Только к вечеру, на границе забытья, он увидел небо над головой. Но битва за то, чтобы освободить плечи и наконец выбраться из ледяной могилы, продолжалась всю ночь, и только на рассвете, уже запоздалом, он сделал первые нетвердые шаги по снегу. Его поджидала приятная неожиданность: по прихоти ветров и течений его ледяной островок наткнулся на льдину и был к ней отныне прикован! Капитан не ел уже два дня. Он решил повернуть на север, навстречу своему отряду. С большим трудом забираясь на торосы или фирны, он вглядывался в даль вокруг, из страха разминуться с товарищами и в неведении, куда именно занес его островок. Обморожение избавило его от боли, но делало походку неуверенной. Капитан упал и потерял сознание. Очнулся он под кустарной палаткой, сооруженной для него товарищами, которые случайно на него наткнулись. Он жадно набросился на клочья человеческого мяса, но досыта не ел, зная, что после длительного голодания следует соблюдать осторожность. Оставалось сделать самое суровое. Одна из обмороженных ног Капитана была поражена гангреной. Ступня, распухшая до размеров человеческой головы, источала непереносимый смрад. Для экономии веса они не брали с собой топор. Капитан отдал приказание тому из своих людей, кто был полегче, разместить нож поперек основания пальцев ноги и зафиксировать в земле острие клинка, навалившись на него всем весом. Другому подчиненному он приказал обеими ногами прыгнуть на рукоятку. Отскочили отрезанные пальцы. Капитан, которому в рот положили клок звериной шкуры, стиснул зубы, стонал и не молился Богу.

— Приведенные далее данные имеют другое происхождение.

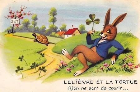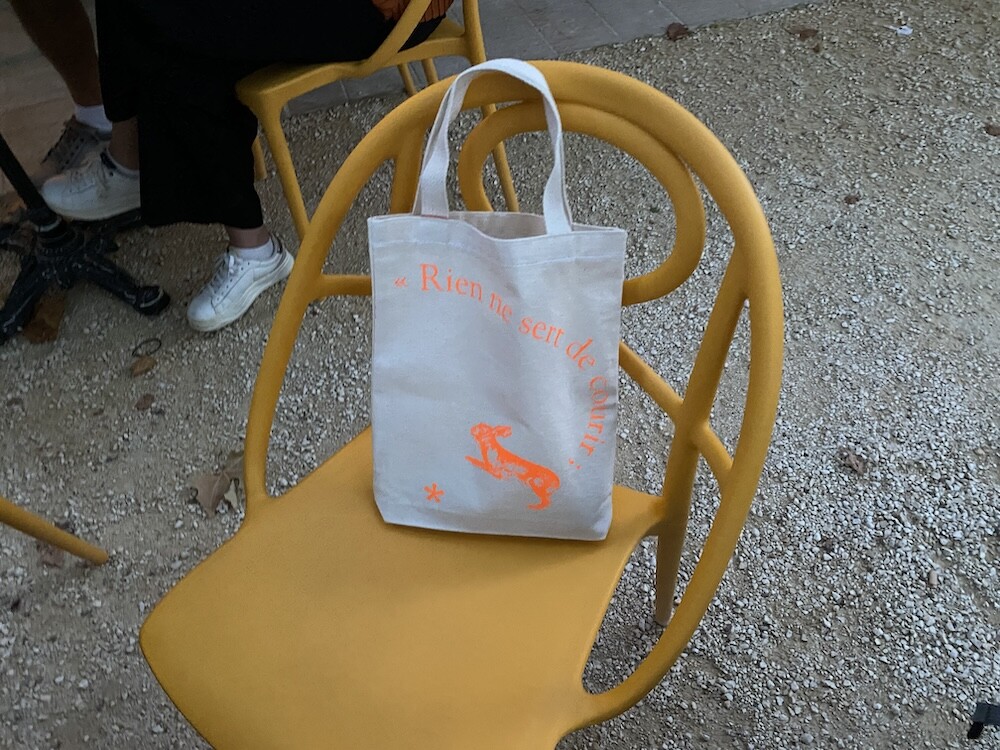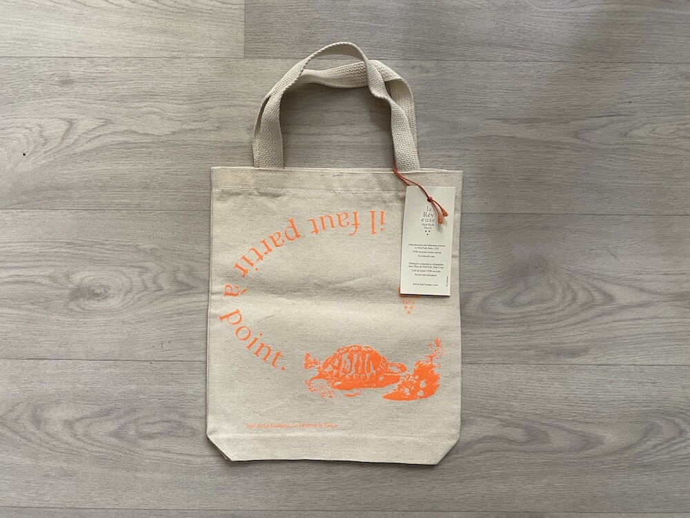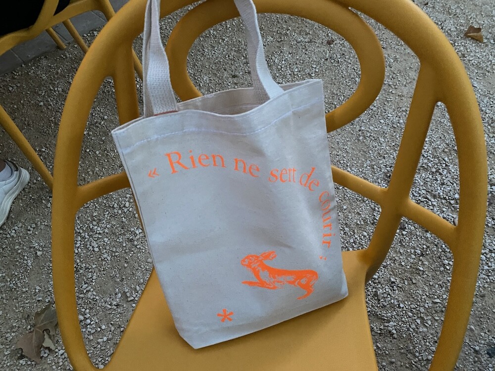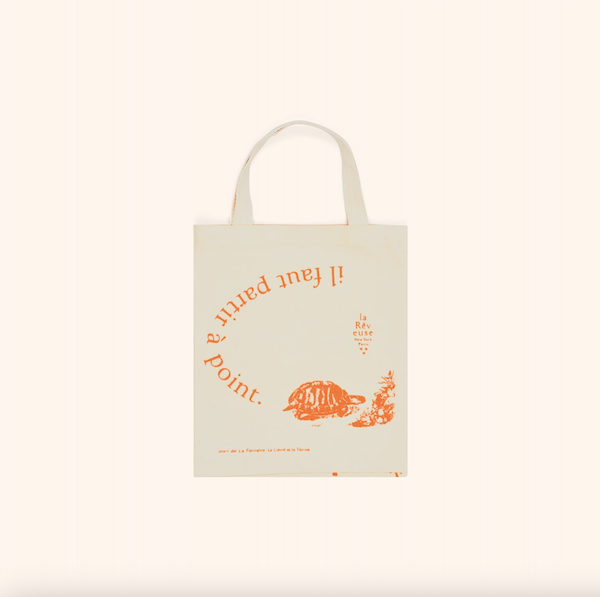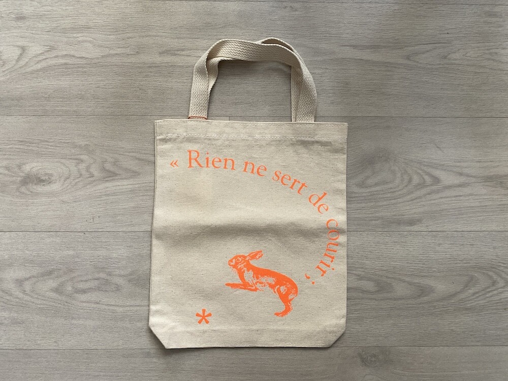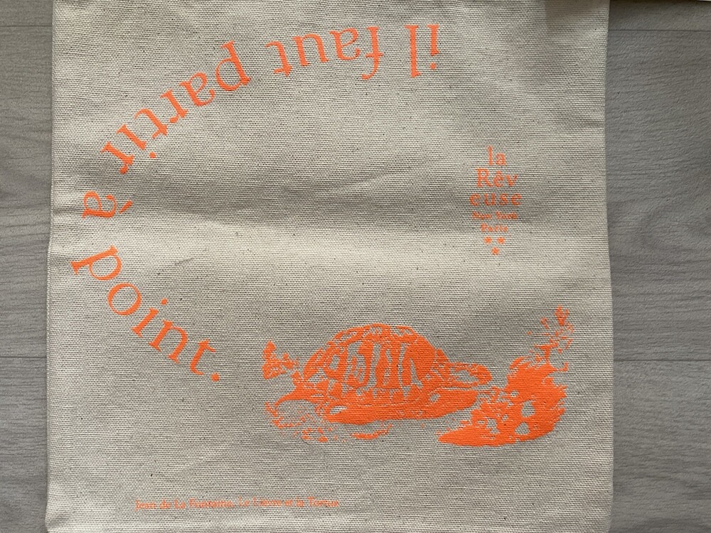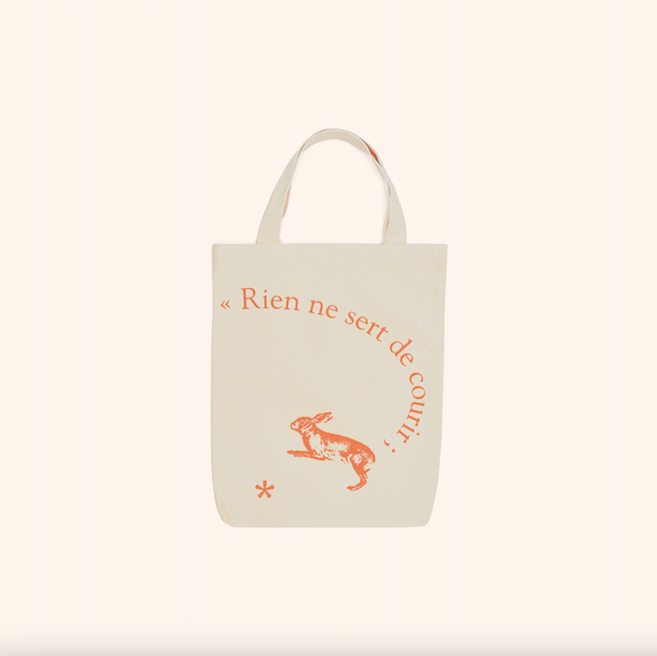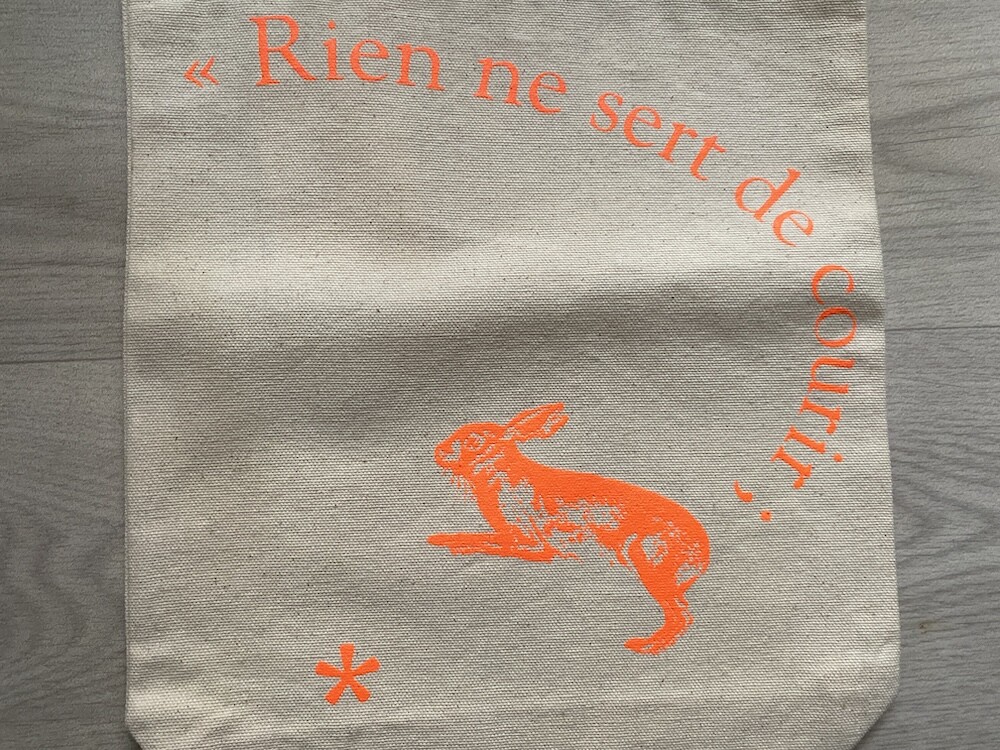 토끼와 거북이 이야기의 한 장면이 형광빛의 주황색으로 프린트된 제품이에요. 귀여운 건 그림에 씌여진 글씨인데요. 토끼가 있는 면에 써진 건 "Rien ne sert de courir 뛸 필요 없어"이고, 거북이가 있는 면에 써진 건 "il faut partir à point 시간에 맞춰 떠나야 해"예요. 동화책 속 토끼와 거북이의 성격을 잘 보여 주는 문장이네요.

Этот способ, сказал он, не такой жестокий, как тот, что с подачи плебеев прижился в Учреждении Новой Фулы и состоял в том, чтобы отдать гниющую плоть на пожирание крысам, запертым в клетке из тростника, надетой на больную конечность.
4
Дожидаясь возвращения Капитана, с безнадежностью, остававшейся в границах веры, я составил на имя Вашего Высокопреосвященства несколько рескриптов, имеющих целью реформу нравов, испорченных нищетой и проделками плебеев.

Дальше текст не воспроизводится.